━━━━━ EXERCISE MATERIALS ━━━━━

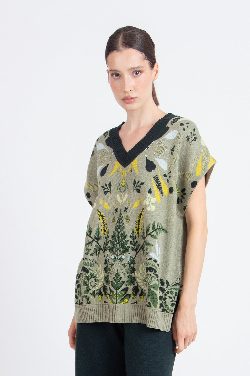 Sleeveless V-Neck Pullover, Plantopia Pattern Salvia
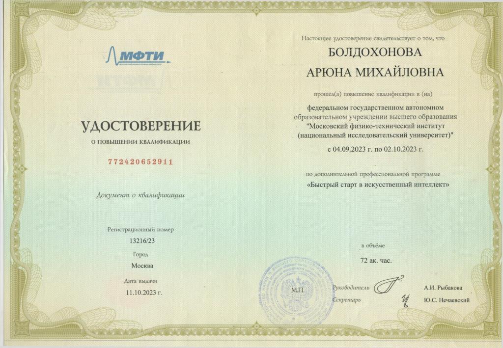 2023 г. — МФТИ. Дополнительная образовательная программа «Быстрый старт в искусственный интеллект».
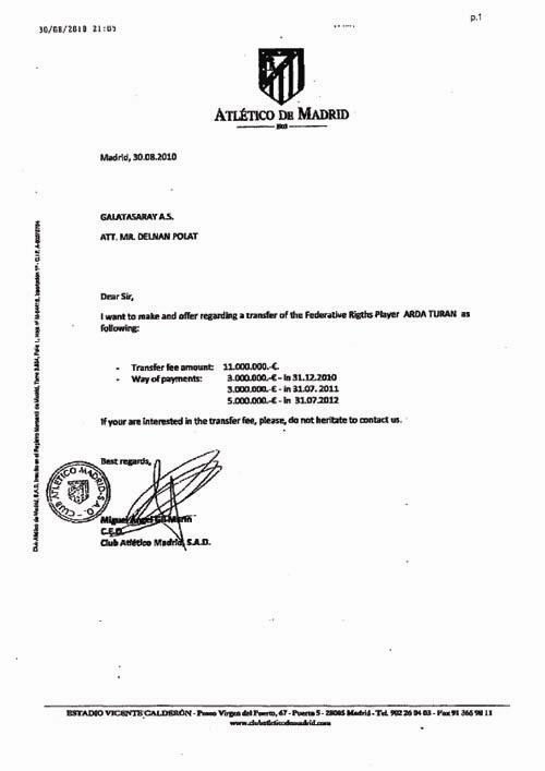 Ну а если точнее, то бумага с запросом о трансфере игрока. Этот лист с предложением "Атлетико" о трансфере Арда Турана из "Галатасарая". Как вы уже, наверняка, знаете, предложение было отклонено.
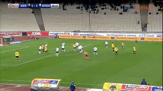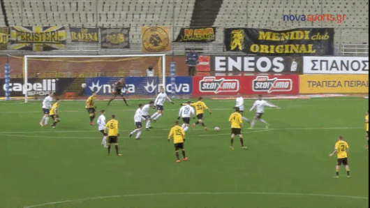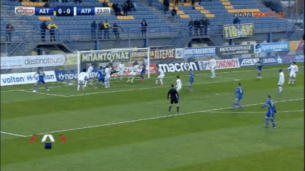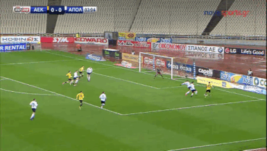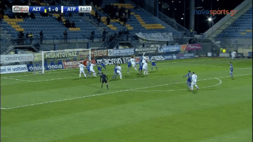 Νόστιμη εκτέλεση κόρνερ διώξιμο πάσα ο Μεγερι, τη βρίσκει ο Καλτσάς και η μπάλα στ μπακλαβωτό. !!
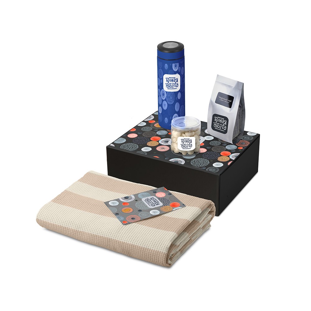 | Материал товара | плед - 100% хлопок, термос - нержавеющая сталь с покрытием софт-тач, чай - пластик, мешок - нетканый материал (спанбонд), коробка - картон |
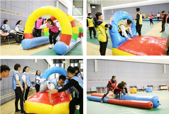 “螃蟹過河”挑戰(zhàn)團隊協(xié)作與配合。每四人組成一只可愛的“螃蟹”,在最短的時間內(nèi)往返通過獨木橋的隊伍即獲得勝利。螃蟹服形態(tài)臃腫,褲腿相連,給隊員們增添了不少比賽難度,參賽隊員們在極短的時間內(nèi)商量戰(zhàn)術,迅速統(tǒng)一思想,賽場上他們口號整齊,步伐一致,為了完成同一個目標而齊心協(xié)力、共同努力,在日常工作中積累的信任與默契展露無遺。
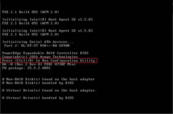 1. 在主机系统引导过程中,当显示Bioses标志时,按<Ctrl><R>组合键。

━━━━━

◆ WHAT YOU WILL DO:
Restate the data word for word while omitting each picture.

◆ RESULT BELOW:
 Sleeveless V-Neck Pullover, Plantopia Pattern Salvia
 2023 г. — МФТИ. Дополнительная образовательная программа «Быстрый старт в искусственный интеллект».
 Ну а если точнее, то бумага с запросом о трансфере игрока. Этот лист с предложением "Атлетико" о трансфере Арда Турана из "Галатасарая". Как вы уже, наверняка, знаете, предложение было отклонено.
 Νόστιμη εκτέλεση κόρνερ διώξιμο πάσα ο Μεγερι, τη βρίσκει ο Καλτσάς και η μπάλα στ μπακλαβωτό. !!
 | Материал товара | плед - 100% хлопок, термос - нержавеющая сталь с покрытием софт-тач, чай - пластик, мешок - нетканый материал (спанбонд), коробка - картон |
 “螃蟹過河”挑戰(zhàn)團隊協(xié)作與配合。每四人組成一只可愛的“螃蟹”,在最短的時間內(nèi)往返通過獨木橋的隊伍即獲得勝利。螃蟹服形態(tài)臃腫,褲腿相連,給隊員們增添了不少比賽難度,參賽隊員們在極短的時間內(nèi)商量戰(zhàn)術,迅速統(tǒng)一思想,賽場上他們口號整齊,步伐一致,為了完成同一個目標而齊心協(xié)力、共同努力,在日常工作中積累的信任與默契展露無遺。
 1. 在主机系统引导过程中,当显示Bioses标志时,按<Ctrl><R>组合键。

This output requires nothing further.